Честно говоря, мне кажется, что если бы он убил Дантеса, то вся русская этика пошла бы по другому пути. Ведь Пушкин, понимаете, христологическая фигура, основатель не столько нашей поэтики, сколько нашей этики. И многие пушкинские максимы нами реализуются подсознательно: «есть упоение в бою и бездны мрачной на краю» — безусловно, «поэзия выше нравственности или, по крайней мере, совсем иное дело» — безусловно, «мщение есть добродетель христианская» — безусловно. Вот если бы он убил Дантеса, я думаю, отношение в России к моральной роли художника и к гению и злодейству был бы иным.
Мы вообще живем в эпоху великой ломки этических представлений. Мы понимаем, что мораль — это дело, формулируемое заново в каждом отдельно случае, как говорит Лешек Колаковский. Оно никогда не застывает в окончательную догму, потому что мы все-таки живем в эпоху морали, а не в эпоху закона. И поэтому, мне кажется, что проблема пушкинского христологического жертвоприношения финального во многом заложила матрицу русского пути: «погибнуть и смертью победить», «смертию смерть поправ». Точно так же, как главные эпосы русской литературы — это эпосы о победе ценой поражения.

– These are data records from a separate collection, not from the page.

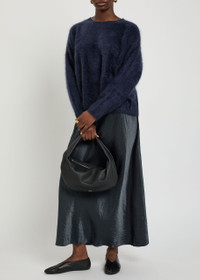 Info & Care Eileen Fisher satin skirt Elasticated waistband, crinkled finish Pull on 100% Naia™ acetate Machine wash Size & Fit Length waist to hem: 37 inches/ 94cm Midweight Loose fit Model is 5'9"/ 175cm and wears a size small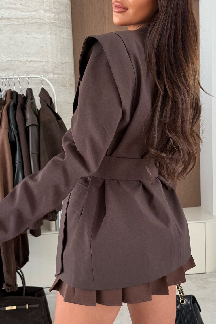 - Kombinujte stil sa udobnošću! Model ima udoban kroj, stilsku kragnu i kaiš od iste tkanine.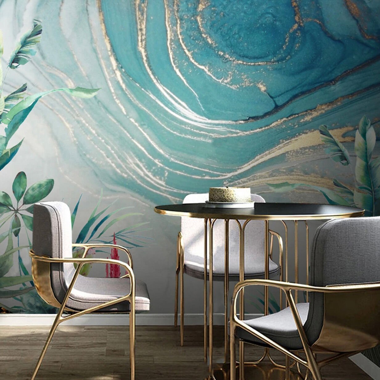 Su Dalgası Tropik Yapraklar Gold Detaylı Duvar Kağıdı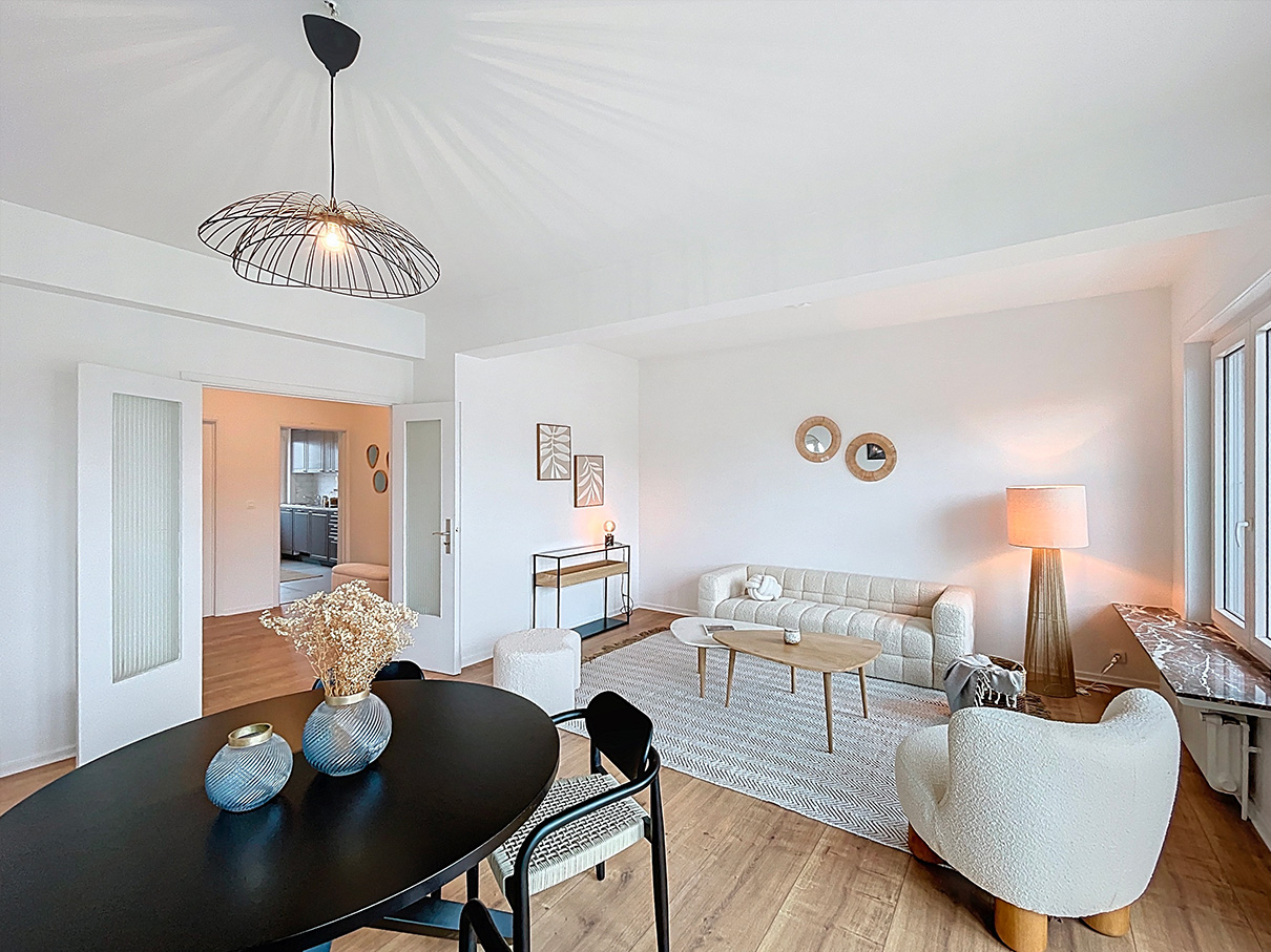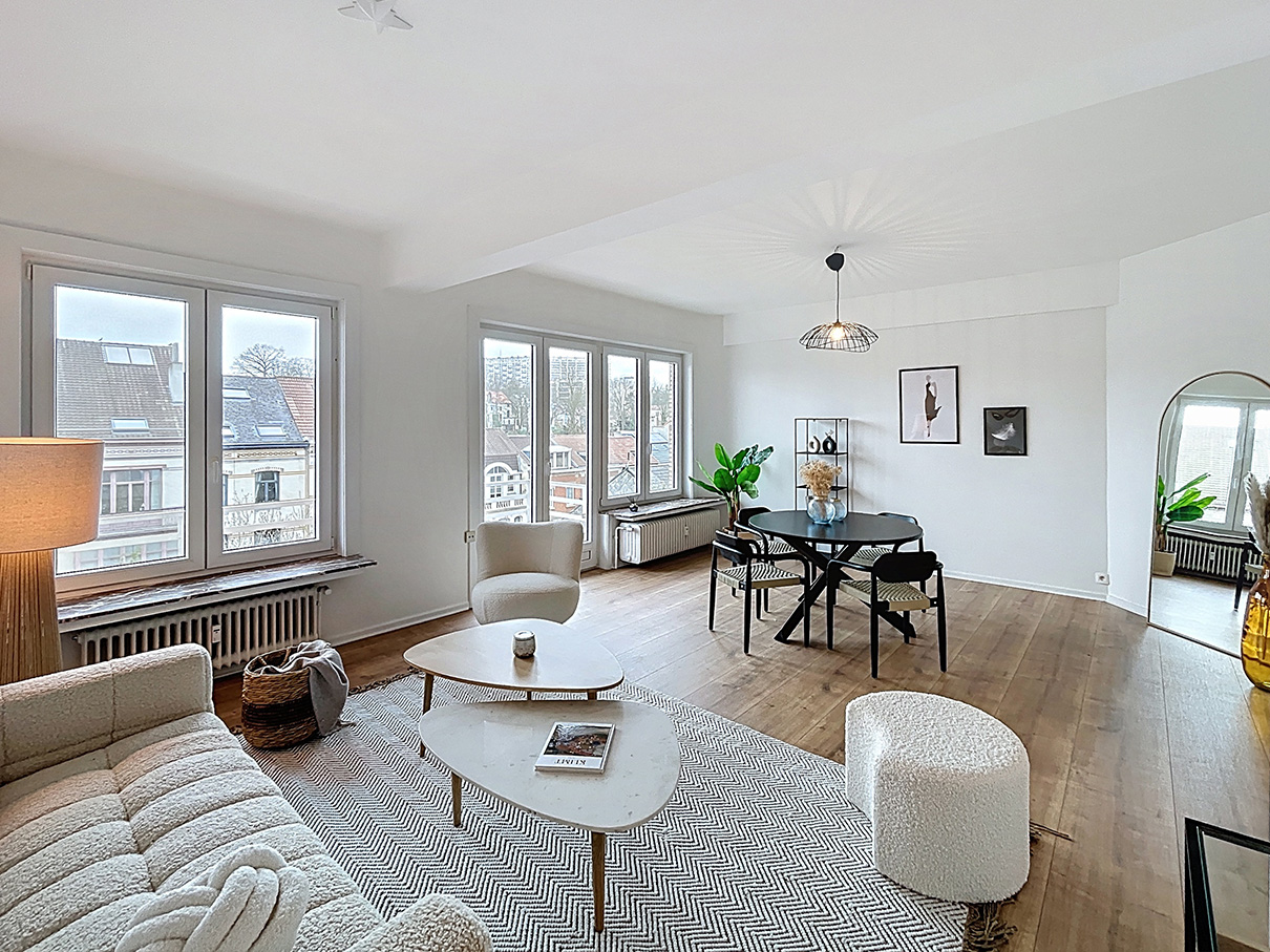 Ce charmant appartement situé à Uccle, entièrement rénové par ses propriétaires, n’a malheureusement pas séduit les acheteurs potentiels, qui peinaient à se projeter dans un espace vide. Rapidement, les demandes se sont faites rares. Pour y remédier, nous avons proposé une mise en valeur par le Home Staging.

Наверное, так, но интересно было бы проанализировать ситуацию в другое время, менее раскаленное. Ей-богу, мне кажется, что коронавирус, которым многие переболели бессимптомно, сделал людей более нервозными и более, так сказать, бескомпромиссными. Поэтому сейчас, когда любой вопрос превращается, говоря по-солженицынски, каленый клин, не очень уместно обсуждать такие абстракции. Но если бы Пушкин убил Дантеса, погиб сам при этом или выжил бы благополучно и поехал бы после этого в ссылку, и в Святогорском монастыре написал бы новую драму или историю Петра. Русская этика была бы другой, но она сложилась так, как сложилась. Если бы, понимаете, Христос ускользнул от распятия — а у него были такие варианты, помните последнее искушение Христа?— история мира была бы другой. Но она сложилась так, поэтому Пушкин прожил 37 лет и погиб, поправ Дантеса, поправ всех современников этой мученической и героической гибелью. Другой истории у нас нет. А какая могла бы быть интересная! И сколько подонков оказались бы наказаны! И сколько замечательных людей заплатили бы за это перерождением, безусловно.